Detailed Analysis of the Scope, Claims, and Patent Landscape for United States Drug Patent 10,398,707

Introduction

United States Drug Patent 10,398,707, granted to inventors at the forefront of pharmaceutical innovation, centers on compounds and compositions designed to target Lysophosphatidic Acid (LPA) receptor activity. This patent, issued by the United States Patent and Trademark Office (USPTO) in 2019, addresses critical therapeutic needs in treating conditions such as fibrosis, cancer, and inflammatory diseases. As drug patent analysts scrutinize this intellectual property, understanding its scope and claims becomes essential for stakeholders in the biotech and pharmaceutical sectors. This analysis delves into the patent's intricacies, examining how it shapes the competitive landscape and influences strategic decisions.

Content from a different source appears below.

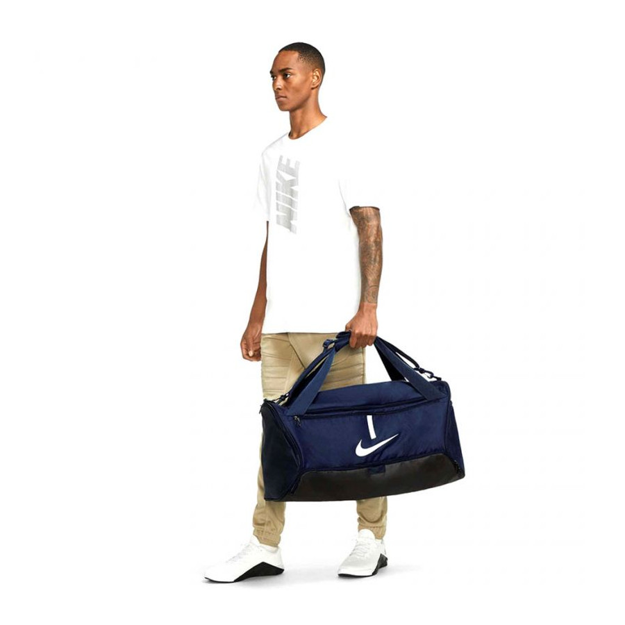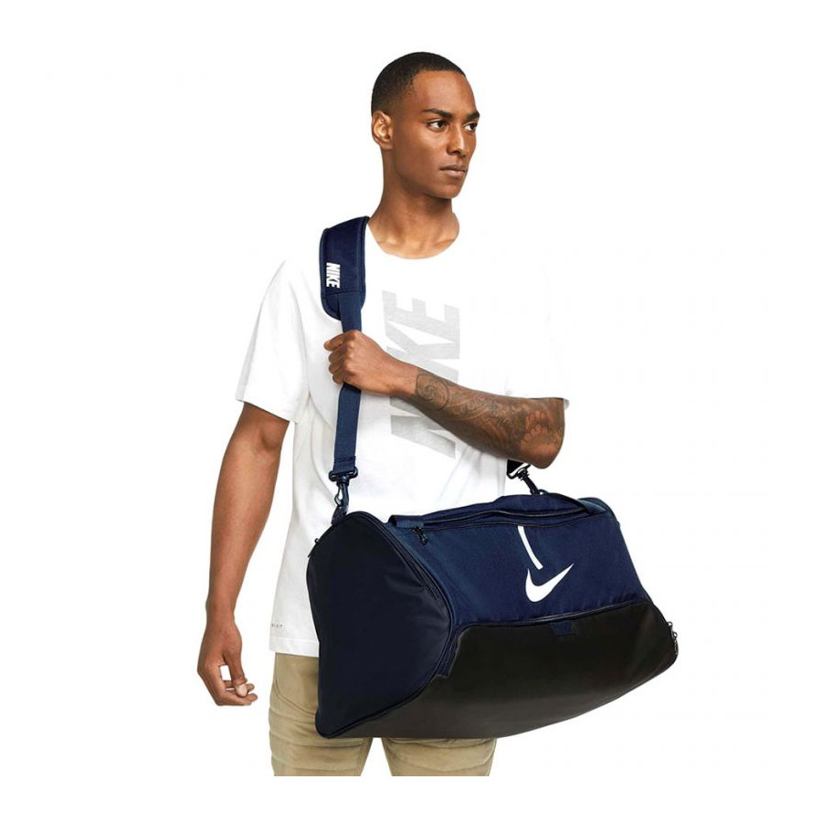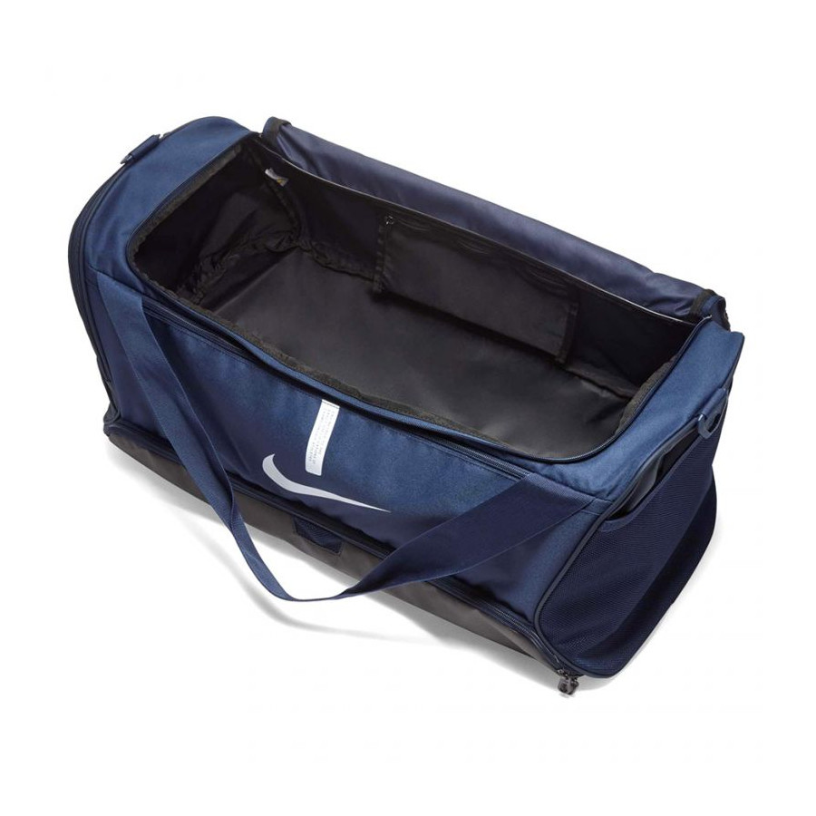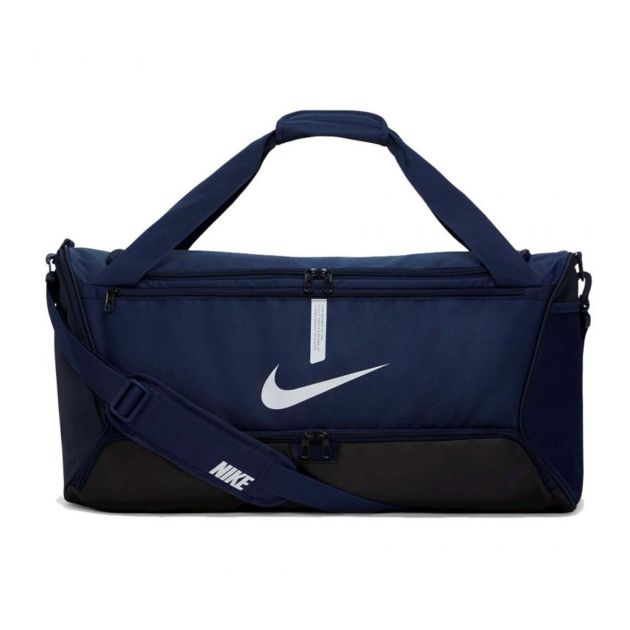 Torba Nike Academy Team ma trwałą konstrukcję i umożliwia utrzymanie porządku. Specjalne przegrody zapewniają miejsce do przechowywania piłki, korków i ubrań, a liczne paski dają możliwość przenoszenia sprzętu w drodze na boisko. Przegroda główna jest na tyle pojemna, że pomieści piłkę i inne przedmioty.

Patent Scope and Claims Analysis

The scope of US Patent 10,398,707 encompasses a range of chemical compounds that modulate LPA receptor activity, a key pathway in disease progression. LPA receptors, part of the G-protein coupled receptor family, play a pivotal role in cellular signaling linked to fibrosis and oncology. The patent's claims focus on novel heterocyclic compounds, their formulations, and methods of use, providing inventors with broad protection against generic competitors.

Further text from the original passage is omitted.